Я шел знакомым лесом, но он был чужим; деревья возвысились, раздались вширь; трава — ночная трава, переговаривающаяся на языке тумана и росы, — сосала из земли свое питье, от которого крепли ее коленчатые стебли. Набухали на листьях осины тугие, как желвак на скуле, бородавки, лес изгонял из себя дневное, развеивал человеческие запахи, заращивал следы, поднимались надломленные травинки и примятый мох, соки стремились вверх по стволам. И я вдруг ощутил победительную, бесстрастную силу, прорву жизни, которая затянет любую рану, поглотит любое событие. Лес простиранием корней разглаживал оставшиеся с войны стрелковые ячейки, в глубине стволов ржавели редкие осколки, от которых не осталось и следа на коре, в скрепленных птичьей слюной гнездах спали птенцы, и я был один, наказанный способностью помнить, — против громады шелестящей, щелкающей, скрипящей жизни, распространившей ветви — в небо и корни — в землю.

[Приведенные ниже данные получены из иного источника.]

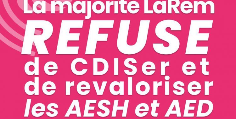 Ainsi, les députés de la majorité ont réécrit le texte en laissant la possibilité au pouvoir règlementaire d’accorder un CDI après 3 ans pour les AESH, 6 ans pour les AED, ce qui est très décevant et en deçà de la proposition initial et des renvendications des concernés.

Я не приносил клятв; что-то совместилось внутри, и я на миг почувствовал себя позвонком среди позвонков; до изнеможения сердца рванулось давление — толчок крови ударил в свод черепа, врезался иголками под ногти, перехватил дыхание. Кровь моя — я, относившийся к ней просто как к жидкости, небрежно залеплявший рану размятым листом подорожника, машинально облизывавший треснувшие губы, — я ощутил ее неистовство, ярость, гнев, будто бы кровь восставала в тот момент против глухой громады леса, кровь моя, бывшая старше меня. И чтобы унять эту ярость, я срезал ножичком тонкий и прямой прут орешника и с этим прутом выступил на высокие, жаркие заросли крапивы; я рубил ее под корень, крапива была врагом, средоточием пустой травяной мощи; чем гуще становилась ночь, тем плотнее крапива обступала меня, и я бился, срубая зубчатые листы, едкие соцветия; и лишь когда утихла ярость, я заметил, что стою у самого забора, у калитки — я уже вышел из леса, а мне казалось, что он вокруг, со всех сторон, и пути не видно.

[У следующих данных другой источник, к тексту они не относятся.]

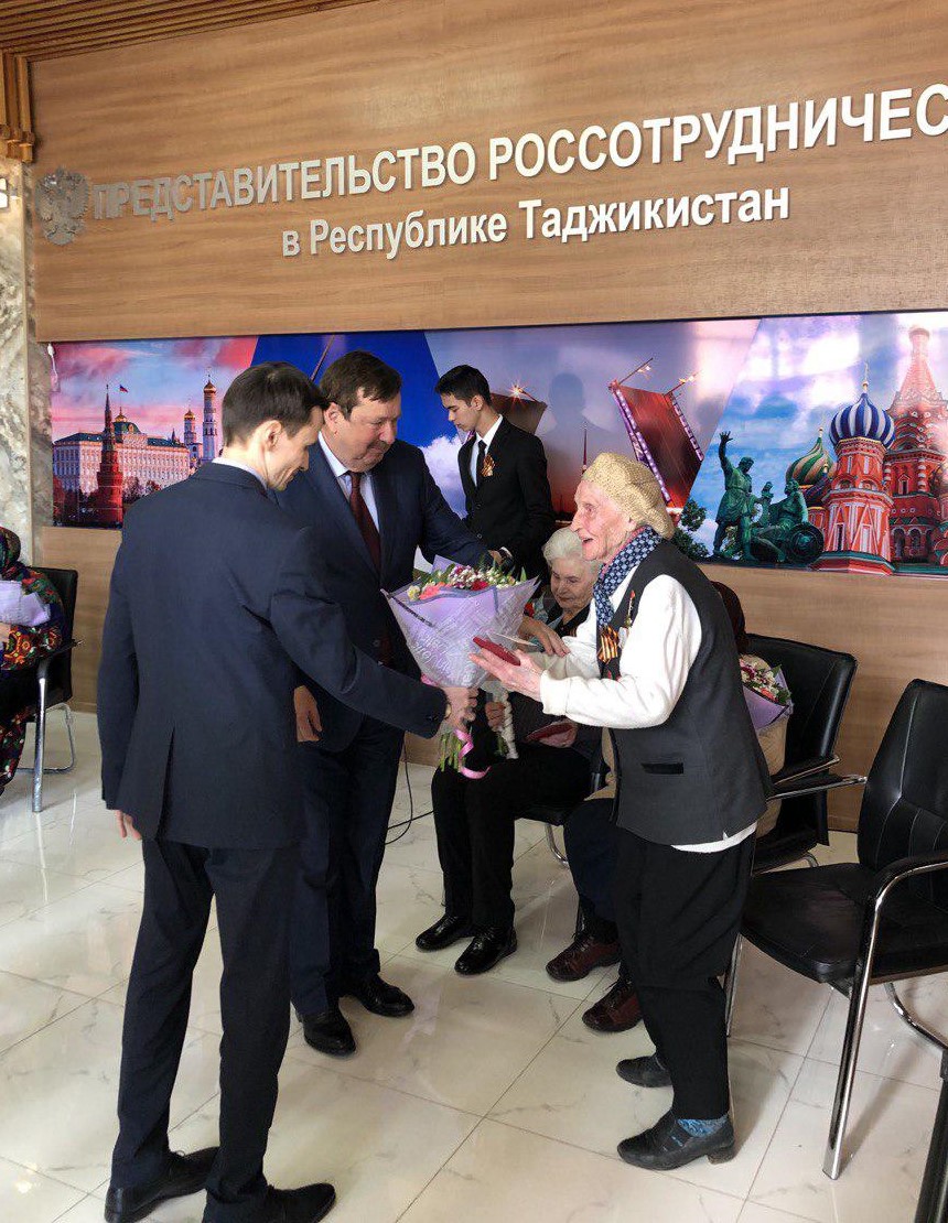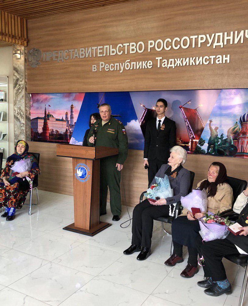 В преддверии празднования 75-й годовщины победы в Великой Отечественной войне в здании представительства «Россотрудничество» в Республике Таджикистан прошло торжественное награждение памятными медалями «75 лет победы в Великой Отечественной войне» ветеранов ВОВ, проживающих в Таджикистане.

Наутро, заметив изрубленную крапиву, мне велели прополоть несколько грядок; если меня так занимает война с травой — мое желание можно обратить к общей пользе. Но когда я подошел к грядкам, я понял, что вопреки вчерашнему рвению не стану выпалывать траву; то было — одно, а здесь — другое; мне стало жаль сорняки, даже бархатисто-колючий, с длинным корнем осот; я знал, что моих объяснений не поймут, и стоял, думая, как бы улизнуть, когда подошел Второй дед. «Сорнячки клубничку душат, душат, — сказал он. — Прополи, клубничка тебе спасибо скажет, ягодкой потом угостит».
Я насторожился: что-то было в этой интонации, ласковой, убеждающей, в этой готовности выпалывать, вырывать, очищать, совершать крестьянский огородный труд, что было уже не крестьянским; день померк, исчезла грядка, красные бока ягод — остался только голос, тихий, но всеобъемлющий, отовсюду звучащий, который приобнимал, сдавливал, шептал на ухо: «сорнячки клубничку душат, душат» — и сам душил, затыкал рот, насильно запрокидывал голову, ощупывал — как обыскивал — тело.